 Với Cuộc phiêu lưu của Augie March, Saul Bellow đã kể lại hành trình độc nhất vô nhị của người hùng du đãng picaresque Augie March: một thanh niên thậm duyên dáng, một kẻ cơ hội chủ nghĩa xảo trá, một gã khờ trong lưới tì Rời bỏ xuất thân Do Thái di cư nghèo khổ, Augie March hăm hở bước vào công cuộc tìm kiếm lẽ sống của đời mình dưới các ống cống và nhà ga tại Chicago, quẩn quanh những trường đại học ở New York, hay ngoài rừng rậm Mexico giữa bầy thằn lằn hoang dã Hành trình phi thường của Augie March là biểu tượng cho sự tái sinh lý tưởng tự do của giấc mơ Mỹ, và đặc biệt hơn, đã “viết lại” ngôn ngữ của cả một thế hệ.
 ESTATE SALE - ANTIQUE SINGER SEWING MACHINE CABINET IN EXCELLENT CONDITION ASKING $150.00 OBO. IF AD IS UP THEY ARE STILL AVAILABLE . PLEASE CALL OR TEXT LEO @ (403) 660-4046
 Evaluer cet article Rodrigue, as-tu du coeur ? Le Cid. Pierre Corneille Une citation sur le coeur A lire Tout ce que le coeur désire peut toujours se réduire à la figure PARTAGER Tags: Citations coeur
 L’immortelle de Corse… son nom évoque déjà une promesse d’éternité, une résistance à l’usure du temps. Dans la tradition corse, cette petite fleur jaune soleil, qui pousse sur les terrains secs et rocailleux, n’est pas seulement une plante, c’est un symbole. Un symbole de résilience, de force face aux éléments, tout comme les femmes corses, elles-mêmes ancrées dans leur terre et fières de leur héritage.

·····

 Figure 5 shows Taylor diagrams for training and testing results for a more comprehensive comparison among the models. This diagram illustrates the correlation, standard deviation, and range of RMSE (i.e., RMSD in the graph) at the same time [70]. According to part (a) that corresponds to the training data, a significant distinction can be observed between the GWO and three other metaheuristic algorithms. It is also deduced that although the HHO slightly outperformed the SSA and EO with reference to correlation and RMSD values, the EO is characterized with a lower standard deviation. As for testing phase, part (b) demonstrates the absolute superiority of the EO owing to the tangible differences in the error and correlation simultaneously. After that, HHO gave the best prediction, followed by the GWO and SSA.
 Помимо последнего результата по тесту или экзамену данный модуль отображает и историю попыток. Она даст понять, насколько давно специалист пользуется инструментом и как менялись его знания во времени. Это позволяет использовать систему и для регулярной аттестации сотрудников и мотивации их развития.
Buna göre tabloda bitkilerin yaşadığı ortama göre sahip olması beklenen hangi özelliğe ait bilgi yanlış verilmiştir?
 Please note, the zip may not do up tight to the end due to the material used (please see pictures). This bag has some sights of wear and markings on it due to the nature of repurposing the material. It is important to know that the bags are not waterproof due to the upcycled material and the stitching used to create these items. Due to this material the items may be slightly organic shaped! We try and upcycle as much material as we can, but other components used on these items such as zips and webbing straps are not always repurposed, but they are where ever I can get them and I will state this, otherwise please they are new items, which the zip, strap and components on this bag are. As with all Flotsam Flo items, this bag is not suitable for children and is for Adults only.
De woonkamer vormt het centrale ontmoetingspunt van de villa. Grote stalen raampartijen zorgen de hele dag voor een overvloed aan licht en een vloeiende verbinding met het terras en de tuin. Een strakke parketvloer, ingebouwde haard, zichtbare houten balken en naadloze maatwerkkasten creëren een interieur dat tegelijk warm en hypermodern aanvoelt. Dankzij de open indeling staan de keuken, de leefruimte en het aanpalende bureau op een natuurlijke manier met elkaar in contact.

·····

* Your objective
Your answer should consist only of the lines above between the line holding "Figure 5 shows" and the line holding "Buna göre tabloda", inclusive, each transcribed exactly.

* Solution
 Figure 5 shows Taylor diagrams for training and testing results for a more comprehensive comparison among the models. This diagram illustrates the correlation, standard deviation, and range of RMSE (i.e., RMSD in the graph) at the same time [70]. According to part (a) that corresponds to the training data, a significant distinction can be observed between the GWO and three other metaheuristic algorithms. It is also deduced that although the HHO slightly outperformed the SSA and EO with reference to correlation and RMSD values, the EO is characterized with a lower standard deviation. As for testing phase, part (b) demonstrates the absolute superiority of the EO owing to the tangible differences in the error and correlation simultaneously. After that, HHO gave the best prediction, followed by the GWO and SSA.
 Помимо последнего результата по тесту или экзамену данный модуль отображает и историю попыток. Она даст понять, насколько давно специалист пользуется инструментом и как менялись его знания во времени. Это позволяет использовать систему и для регулярной аттестации сотрудников и мотивации их развития.
Buna göre tabloda bitkilerin yaşadığı ortama göre sahip olması beklenen hangi özelliğe ait bilgi yanlış verilmiştir?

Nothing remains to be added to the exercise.